## Input data
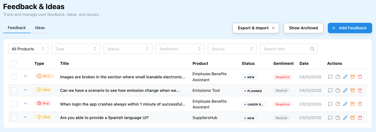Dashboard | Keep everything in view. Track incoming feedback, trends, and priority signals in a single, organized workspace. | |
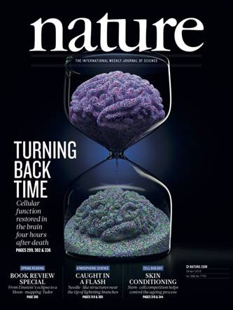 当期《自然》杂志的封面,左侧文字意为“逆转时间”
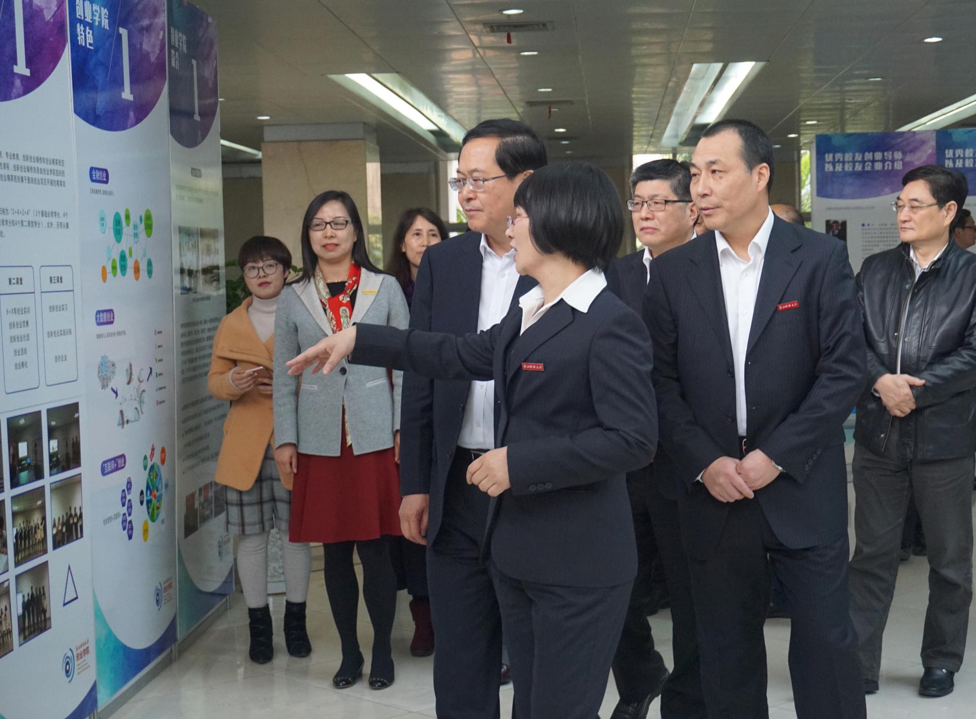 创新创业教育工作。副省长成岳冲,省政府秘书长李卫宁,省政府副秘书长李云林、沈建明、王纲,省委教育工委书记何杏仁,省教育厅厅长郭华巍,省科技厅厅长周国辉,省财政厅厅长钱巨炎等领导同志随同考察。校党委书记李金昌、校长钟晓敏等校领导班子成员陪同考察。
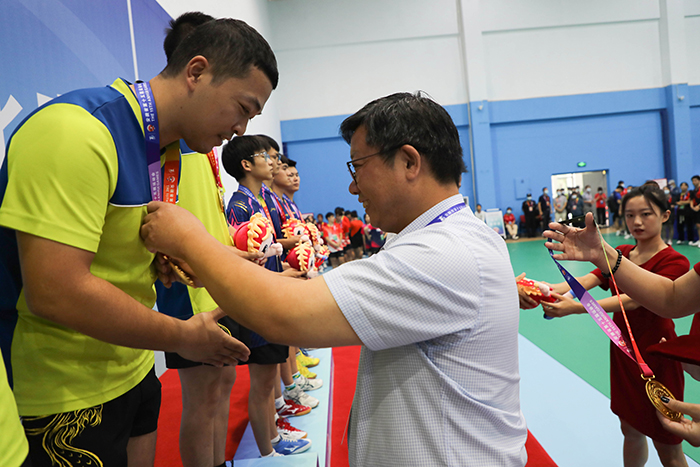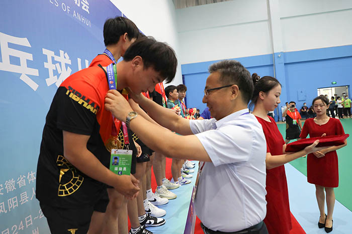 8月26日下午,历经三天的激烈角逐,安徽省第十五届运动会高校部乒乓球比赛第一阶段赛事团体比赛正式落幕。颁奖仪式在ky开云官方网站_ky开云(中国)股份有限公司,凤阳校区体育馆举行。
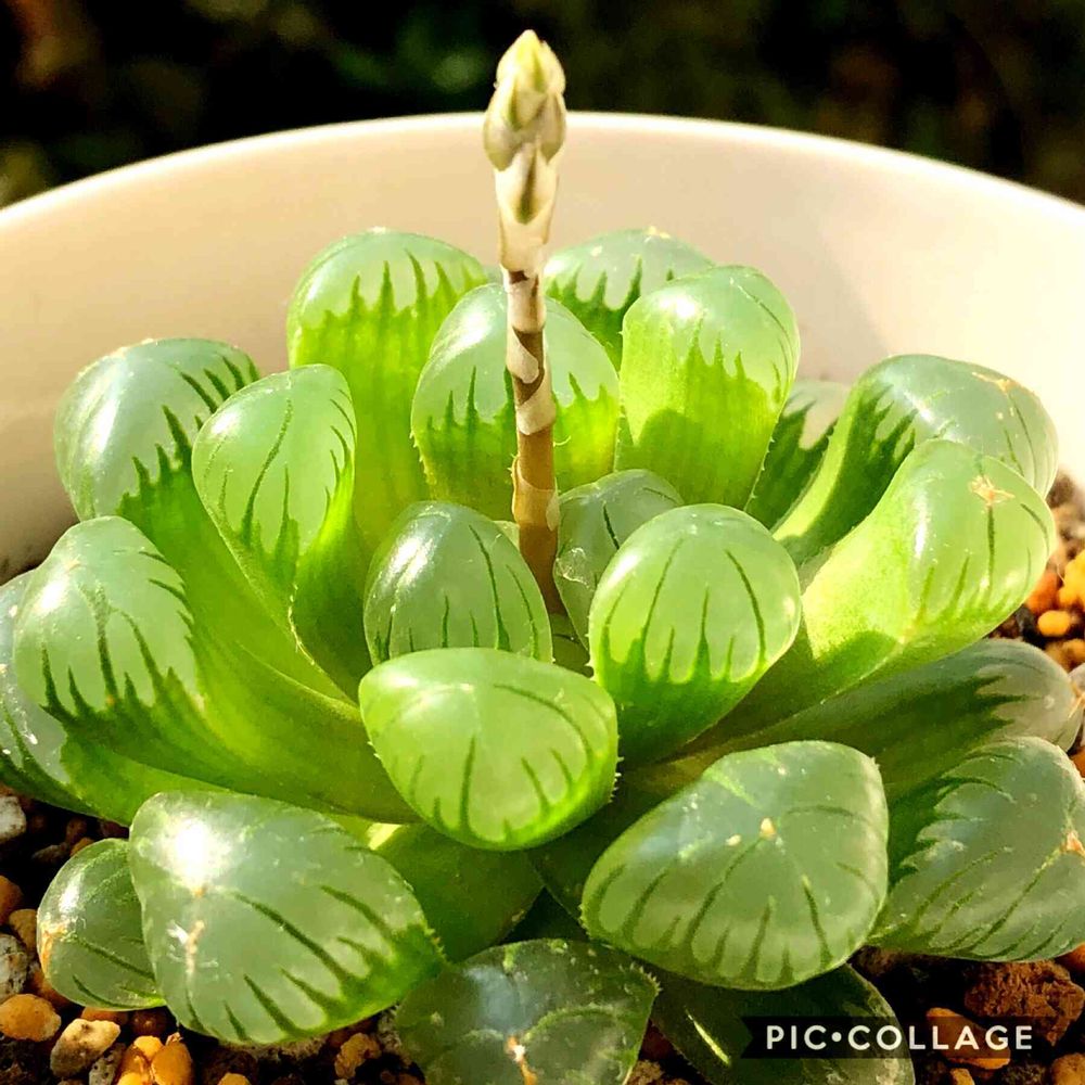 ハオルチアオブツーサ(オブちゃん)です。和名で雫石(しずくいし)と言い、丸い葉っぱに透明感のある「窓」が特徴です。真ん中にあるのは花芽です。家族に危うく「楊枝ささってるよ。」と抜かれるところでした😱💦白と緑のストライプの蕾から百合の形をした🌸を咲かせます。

--

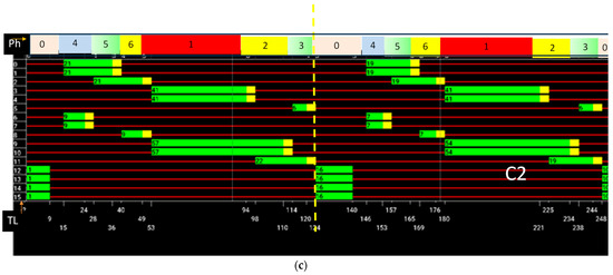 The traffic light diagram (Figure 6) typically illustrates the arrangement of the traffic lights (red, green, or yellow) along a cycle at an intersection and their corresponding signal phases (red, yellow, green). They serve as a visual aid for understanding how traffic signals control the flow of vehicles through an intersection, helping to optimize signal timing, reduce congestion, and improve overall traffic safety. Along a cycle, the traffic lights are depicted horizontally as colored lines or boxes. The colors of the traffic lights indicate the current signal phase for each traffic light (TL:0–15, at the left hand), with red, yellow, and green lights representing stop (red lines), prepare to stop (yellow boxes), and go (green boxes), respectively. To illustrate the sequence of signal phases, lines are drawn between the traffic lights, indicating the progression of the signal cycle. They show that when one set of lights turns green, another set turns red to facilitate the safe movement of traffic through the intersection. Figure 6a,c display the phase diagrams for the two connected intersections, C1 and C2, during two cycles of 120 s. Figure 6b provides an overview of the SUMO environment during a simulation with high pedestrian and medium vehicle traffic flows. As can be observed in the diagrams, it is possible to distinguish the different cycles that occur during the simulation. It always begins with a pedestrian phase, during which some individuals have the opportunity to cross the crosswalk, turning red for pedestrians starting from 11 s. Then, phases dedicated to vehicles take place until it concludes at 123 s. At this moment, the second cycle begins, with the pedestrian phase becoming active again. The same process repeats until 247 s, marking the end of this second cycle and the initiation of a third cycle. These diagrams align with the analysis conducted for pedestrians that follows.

## Work instructions
Leaving out all pictures, set down exactly the lines of the material above, from the line with "Dashboard | Keep" to the line with "ハオルチアオブツーサ(オブち" inclusive, and no others.

## Exercise result
Dashboard | Keep everything in view. Track incoming feedback, trends, and priority signals in a single, organized workspace. | |
 当期《自然》杂志的封面,左侧文字意为“逆转时间”
 创新创业教育工作。副省长成岳冲,省政府秘书长李卫宁,省政府副秘书长李云林、沈建明、王纲,省委教育工委书记何杏仁,省教育厅厅长郭华巍,省科技厅厅长周国辉,省财政厅厅长钱巨炎等领导同志随同考察。校党委书记李金昌、校长钟晓敏等校领导班子成员陪同考察。
 8月26日下午,历经三天的激烈角逐,安徽省第十五届运动会高校部乒乓球比赛第一阶段赛事团体比赛正式落幕。颁奖仪式在ky开云官方网站_ky开云(中国)股份有限公司,凤阳校区体育馆举行。
 ハオルチアオブツーサ(オブちゃん)です。和名で雫石(しずくいし)と言い、丸い葉っぱに透明感のある「窓」が特徴です。真ん中にあるのは花芽です。家族に危うく「楊枝ささってるよ。」と抜かれるところでした😱💦白と緑のストライプの蕾から百合の形をした🌸を咲かせます。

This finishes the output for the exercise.